Полковник Горбатовский писал:

«Андрей Гаврилович Ржевский скончался в прошлом году в мае. Он жил вместе с женой Надеждой Александровной и тремя детьми (старшая дочь Виктория, средняя – Эмилия и младший сын Владлен) по адресу: г. Москва, Кутузовский проспект, дом № хх, квартира № хх. Очевидно, вдова Ржевская проживает с детьми по тому же адресу по настоящее время. Что касается армейской характеристики, то она вряд ли понадобится, т. к. я написал куда следует.

Горбатовский».

Олег вмиг протрезвел. Известие о матери, о том, что у него есть две сводных сестры и брат, больно отхлестало его по сердцу. Но не подал виду бывалый солдат. Лишь слегка побледнел.

– Ну вот, – сказал он. – Я так и знал. Полковник поднял бучу… Не ожидал я такого оборота дела.
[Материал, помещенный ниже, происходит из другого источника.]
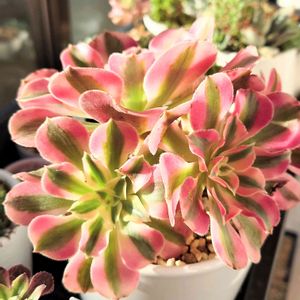 週末、ヤフオクに挑戦して落札できたピンクウィッチ💓 とても欲しかったので5株のセットを落札したけど、先程届いた箱📦をワクワク開けたら、一株が両手を広げたくらいの大群生🤣🪴💓わお〜😍 慌ててYouTubeみながらカット、カット、カット💦 2つだけ、ブーケみたいにならないかなってクルッと一周残してみました🤭 うまくいくといいな☺️ 多肉初心者の私はアオエニウムも初心者😅 植えてキッチンで水やりしてたら、チラ見してくるパパが怖い😞 いいでしょ💦綺麗だから☺️ 満身創痍、頑張って外国から来てくれたこの子達🪴 元気に育ってね💓🪴☺️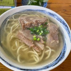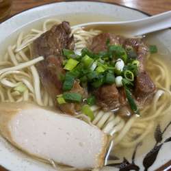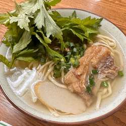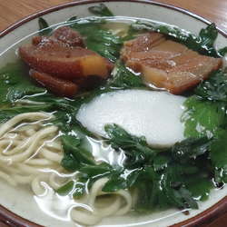 ちょいカタの麺に熱々スープ、しっかりした三枚肉、島ネギとかまぼこ、これ以上でこれ以下でもない、ど真ん中トラディショナル沖縄そば。後半は辛みと深みが際立つコーレーグースを数滴、美味い。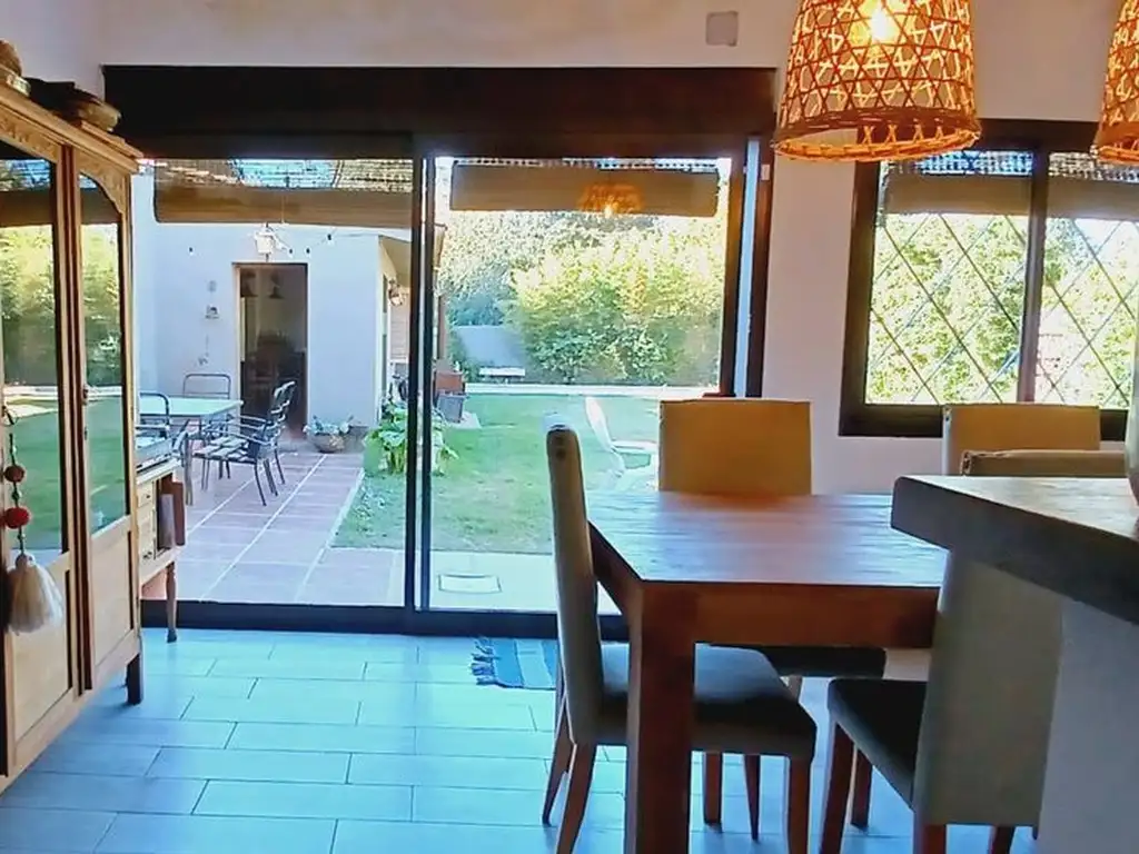 La casa consta de 4 dormitorios, 2 baños, living, cocina comedor, ingreso para 4 autos con acceso pasante hacia el patio trasero, donde encontramos un calido departamento de un dormitorio, baño y cocina comedor. Gran piscina y patio con espacio de distencion con parrilla.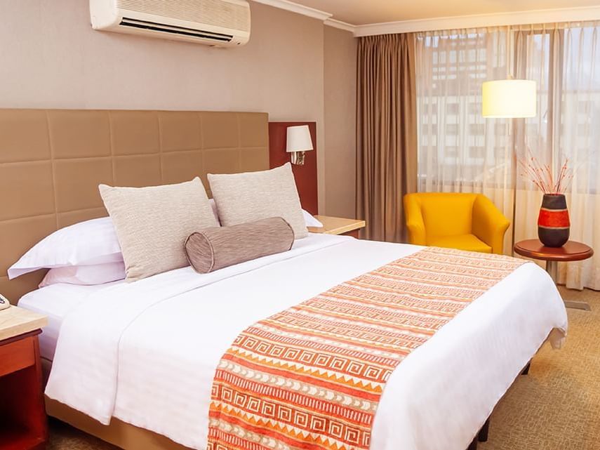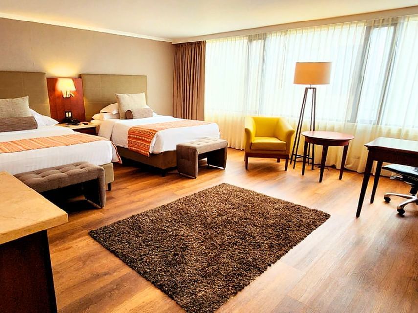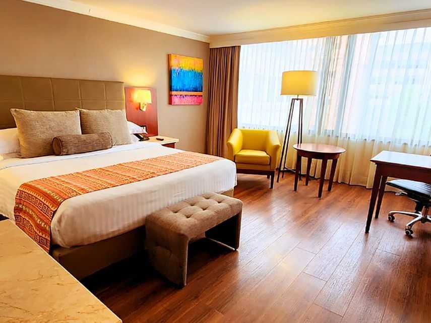 Vive una experiencia completa en uno de los mejores hoteles en Bogotá, ideal tanto para viajes de negocios como de descanso. Nuestras habitaciones combinan confort y estilo para ofrecerte un ambiente cálido y relajante. Además, contamos con espacios pensados para cubrir todas tus necesidades: área de coworking, salas y salones para reuniones y eventos, sala de ejercicios, spa con circuito hídrico, restaurante y Bar Café. Todo lo que buscas, en un solo lugar.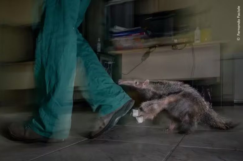 O fotógrafo brasileiro Fernando Faciole foi um dos grandes destaques da edição de 2025 do concurso Fotógrafo de Vida Selvagem do Ano, promovido pelo Museu de História Natural de Londres. Ele conquistou o Prêmio Impacto, que reconhece histórias de esperança e sucesso em conservação ambiental, com uma imagem que retrata um filhote órfão de tamanduá-bandeira seguindo seu cuidador em um centro de reabilitação no Brasil.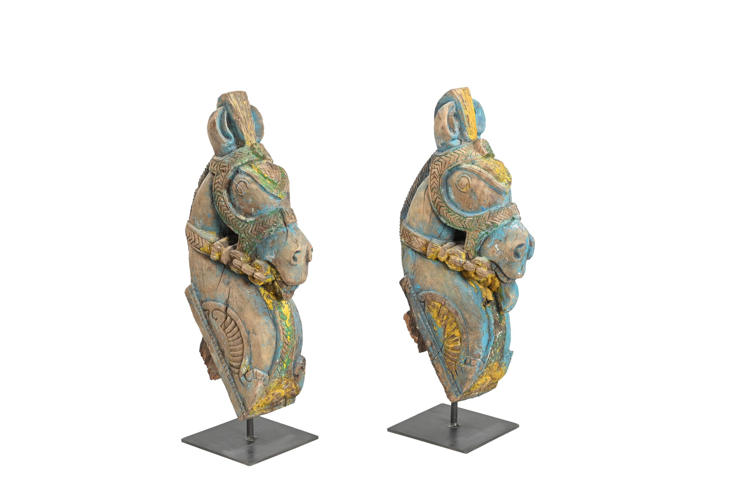Pair of Antique Indian Painted Teakwood Horse Corbel, of large scale, from a temple in Rajasthan, c. 1900. Very nice old paint and detail, a quality pair.
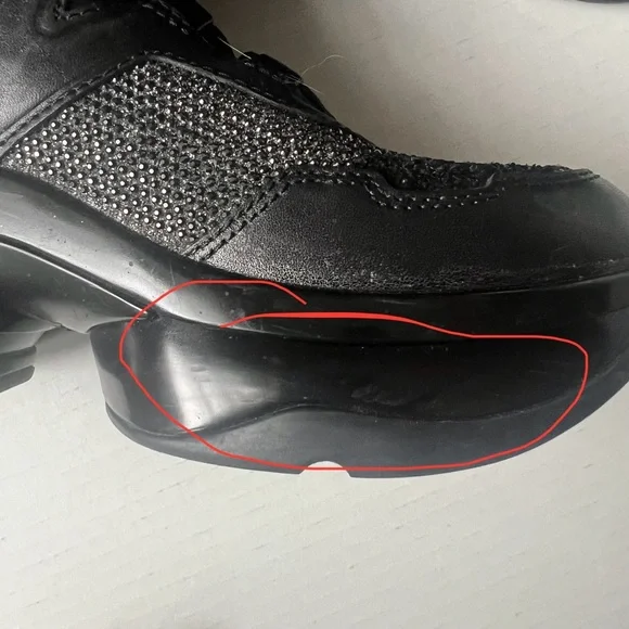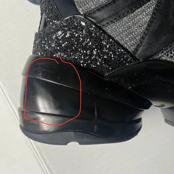 Michael Kors Glitter Olympia Extreme Trainer Sneaker Size 9.A bubble sole puts a fresh spin on our favorite fashion-forward trainer. Designed in a mix of modern textures, the crystal-embellished Olympia Extreme is crafted from a sporty-glam combination of glitter chain-mesh panels with smooth trim. Reach for this pair to amp up just about any look. Materials:Glitter vachetta leather 56% polyester 34% polyethylene terephthalate 10% LurexPolyester blend liningRubber SoleRound toeLace-up fasteningCondition: Good used condition, only worn twice. Has some scuff marks circled in pictures but not noticeable.Michael Kors, Glitter Sneakers, Extreme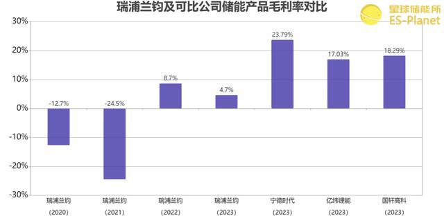 這放在過去幾年“賠本賺吆喝”的瑞浦蘭鈞身上并不奇怪,2020—2023年,瑞浦蘭鈞儲(chǔ)能電池產(chǎn)品毛利率分別為-12.7%、-24.5%、8.7%、4.7%。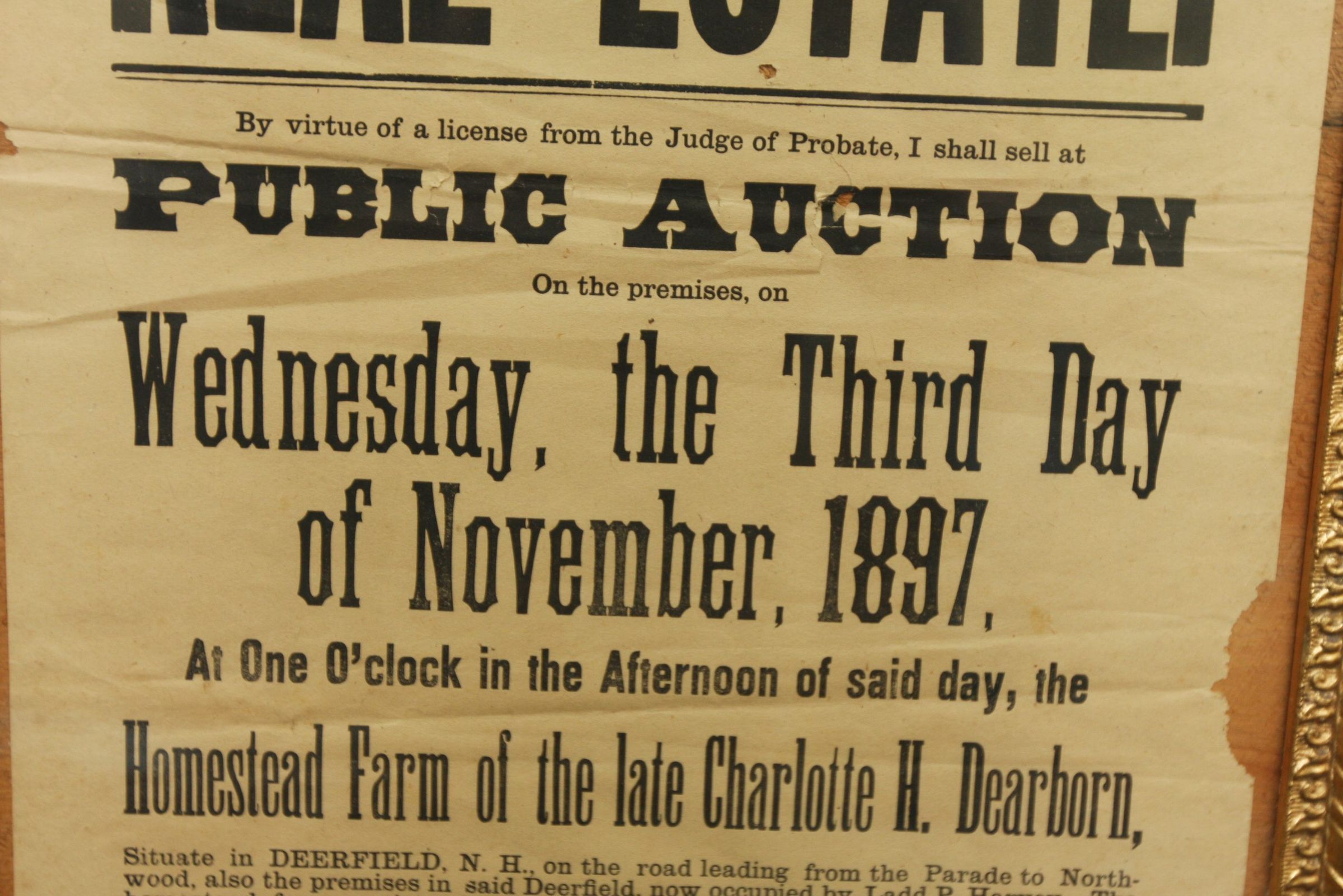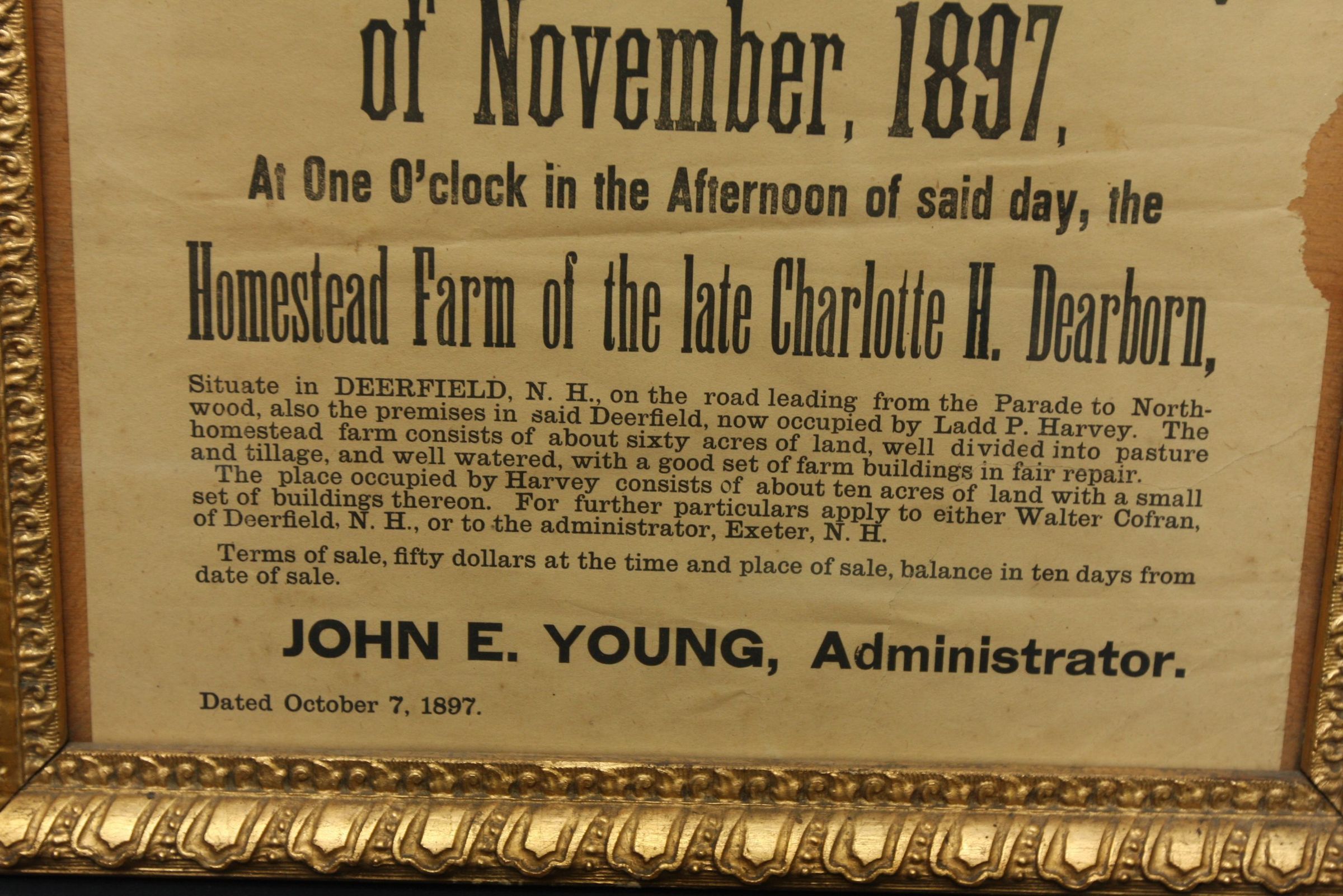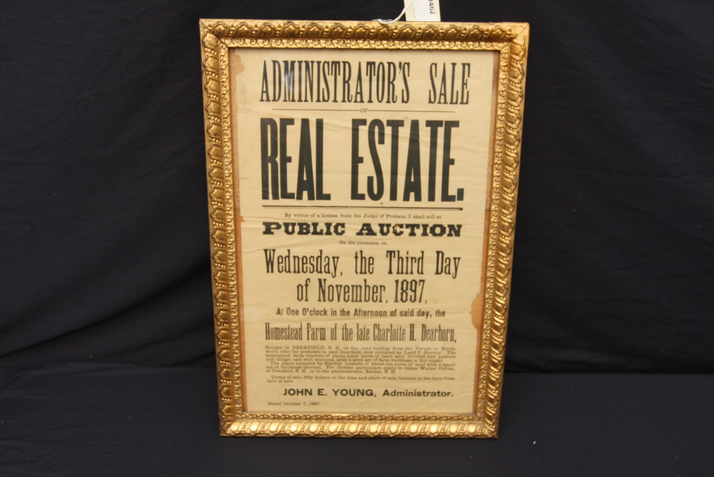 FR BROADSIDE, REAL ESTATE, 1897, NH. ADMINISTRATOR'S SALE OF REAL ESTATE. HOMESTEAD FARM IN DEERFIELD, NH. JOHN E YOUNG, ADMIN. 15 1/2" X 22"Created By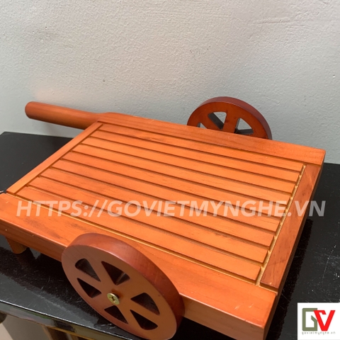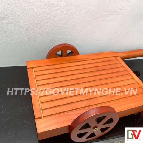 + Khay gỗ được thiết kế theo hình xe kéo bò thực tế, bánh xe quay được. Một phiên bản thu nhỏ của xe kéo bò.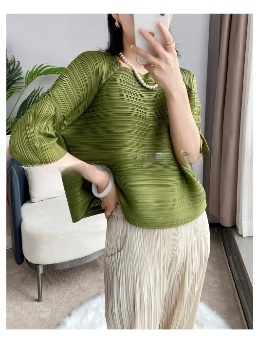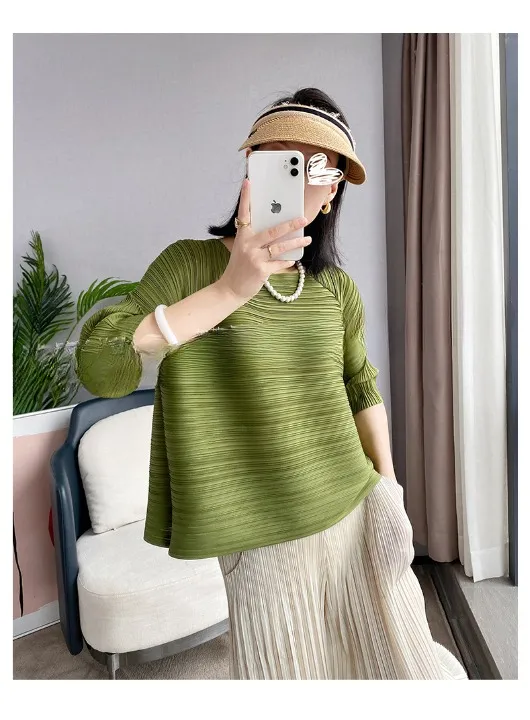 衣都精品- 新款短袖夏季寬鬆遮肚洋氣顯瘦褶皺上衣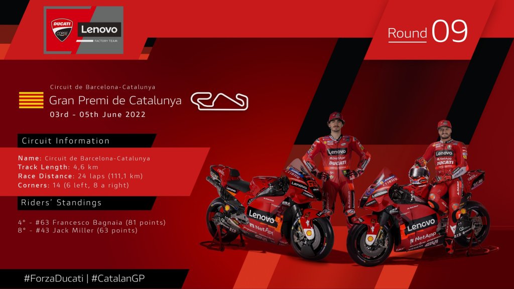 A meno di sette giorni dal GP d’Italia e dalla fantastica vittoria ottenuta da Pecco Bagnaia davanti al pubblico di casa, il Ducati Lenovo Team torna in pista questo fine settimana per affrontare il nono appuntamento della stagione MotoGP 2022, il Gran Premio della Catalogna.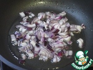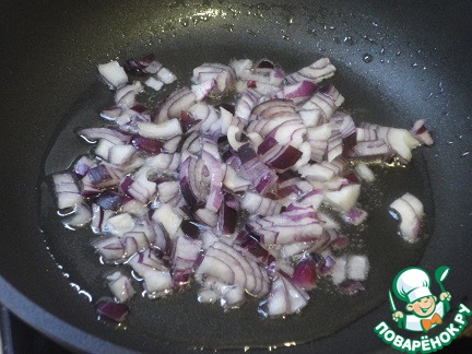 Для начинки потомить на масле мелко нарезанную красную луковицу.

Повестки из военкомата были одного и того же содержания: явиться такого-то числа к 15 часам дня имея при себе паспорт и прочие документы. Последняя, давно просрочена. Засунув повестки вместе с письмами в тумбочку. Олег вспомнил, что полковник обещал наградить за успешную операцию в Афганистане и отослать награду в Троицкий райвоенкомат.

«Может быть уже пришла, – подумал Олег. – Поэтому и повестки одна за одной. Следующей дожидаться не буду. На днях съезжу. Все равно так и так ехать – надо вставать на военный учёт».

Дед поднялся со стула и, напевая в нос любимую песню: «Эх, Настасья…» пошёл отдыхать. Деревянная допотопная кровать его, как и прежде, стояла у самой двери, напротив печки. Он сел на кровать, и закурив на сон грядущий, продолжал гнусавить мотив «Настасьи». Олег тоже поднялся, приглядывая себе угол на ночлег. Там, где стояла бабушкина кровать, между столом и окнами, было пустое место. Олег принёс старую заржавленную свою кровать из чулана и поставил её у стены. Он взял у деда лишний матрац, одну из трёх подушек, одеяло и постелил себе постель. Августа Петровна убрала со стола и ушла к себе. Раздевшись и улёгшись поудобнее на спину, Олег блаженствовал от приятного ощущения сытого домашнего ужина, тепла, уюта, покоя и тишины. Если бы не письмо Горбатовского, растревожившее душу, он сегодня впервые за последние три года был бы счастлив.

Утром пошёл на лесопилку, разыскал начальника. Начальник лесопильного цеха тут же стал уговаривать Олега выйти сегодня во вторую смену. Олег усмехнулся: «История с кочегаркой повторяется». Он понимал: демографическая ситуация, острый дефицит рабочей силы. Но нельзя же так – не успел прийти и сразу вкалывай.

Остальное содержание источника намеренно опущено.